About

Friends of Muonde is a California-based organization launched in 2013 and housed by the Earth Island Institute. It was created to support and champion the work and values of indigenous innovation in the Mazvihwa and surrounding areas of Zimbabwe.

Valuing local knowledge and solutions we partner with grassroots organizations who connect environment and human wellbeing in the Mazvihwa Communal Area and neighboring regions of south-central Zimbabwe. Our key partners are, Muonde Trust and Phiri Award for Food and Farm Innovators Trust, who we support through our learning exchange and re-granting programs.

We support indigenous innovation in the intersect between agro-ecology, gender, livelihoods, culture, education, food, water, environment and health, relying on the comfort Karanga communities have with integrating different complex issues in practical activities.

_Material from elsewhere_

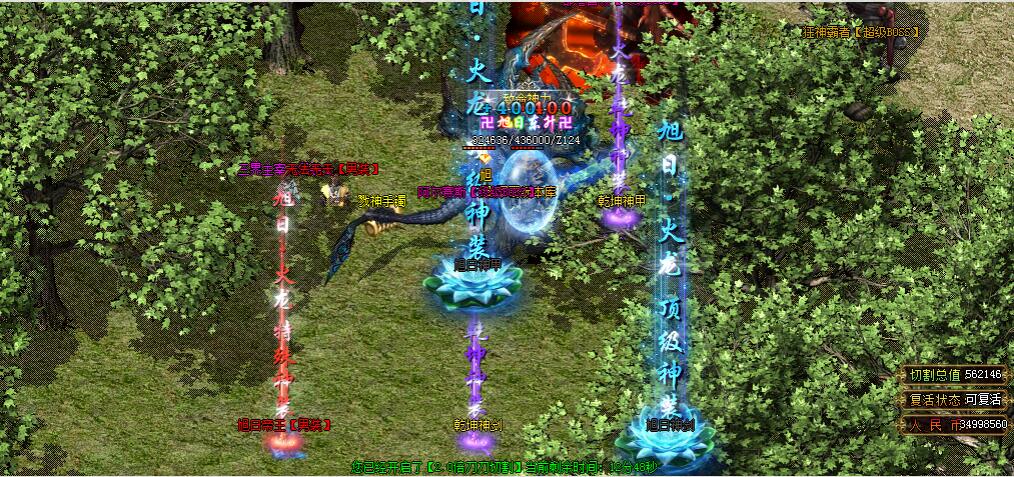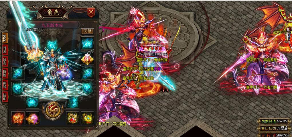 前期打元宝先升级血石、称号、技能,快速提升打怪速度,每个地图都有各种BOSS。

Read more about our work and partners here.

Ken Wilson

Friends of Muonde is run on a volunteer basis by Dr. Ken Wilson whose connections with the people and communities involved on the ground go back to Zimbabwe’s Independence in 1980.  In 2015 Ken retired from running an international foundation focused on backing indigenous stewardship of biocultural diversity, The Christensen Fund, to live and work with Cynthia Ong and Forever Sabah, and to have more time for this Zimbabwean engagement. Earlier in his career he left a research post at the University of Oxford to serve as the Ford Foundation’s Program Officer for Mozambique and later as a deputy vice president for Education, Media, Arts and Culture in New York. He has been engaged in participatory research and writing about Mazvihwa since the mid-1980s.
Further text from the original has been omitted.